On April 11 the two biggest influences of the Financial sector – JPMorgan Chase and CO. (JPM) and Wells Fargo (WFC) –reported their quarterly earnings. The results were a bit of a mixed bag, with JPMorgan disappointing and Wells Fargo exceeding expectations.
In the Technology sector, there’s isn’t a clearly anointed bellwether who, rightly or wrongly, influences the general attitude concerning the sector’s near-term performance like JPMorgan and Wells Fargo. Chalk it up to tech’s propensity to change market leaders every five years or so.
Not that investors aren’t clamoring for one, especially one that could foretell a positive future for an industry that got hammered last week. But if one company does excel, the chances the sell-off can turn into a buy-in could increase substantially
Jim Cramer argues that a lot of things are going to have to fall in line for Tech to rebound and ultimately continue the bull run it’s been since 2008. Twitter (TWTR) is going to have to really impress. Microsoft Corp (MSFT) needs to overcome a recent downgrade. But the biggest catalyst that could signal a sectorwide comeback would be for Google Inc. (GOOG) to beat earnings, and beat them handily.

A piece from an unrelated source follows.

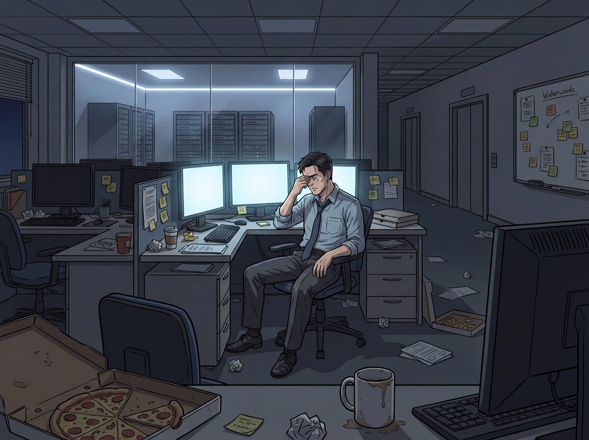 Офис жил вполсилы. Полоски светодиодных ламп гудели под потолком, как старые люминесцентные, только не мигали. В опенспейсе горели четыре монитора из пятидесяти, на кухне лениво булькал оставленный кем‑то кулер, и только серверная за стеклом светилась тревожным синим, как аквариум с радиоактивными медузами.

Google has been quite busy as of late, making major acquisitions and splitting their stock in a bid to consolidate voting power in the hands of its two founders. Whether or not Google has continued to be wildly profitable, however, will remain unclear until the company releases earnings.
And then, according to Cramer, we can get a much better idea as to whether or not Tech is due to crash or fly once more.
Google will report earnings on April 16. The company is expected to earn $6.36 a share.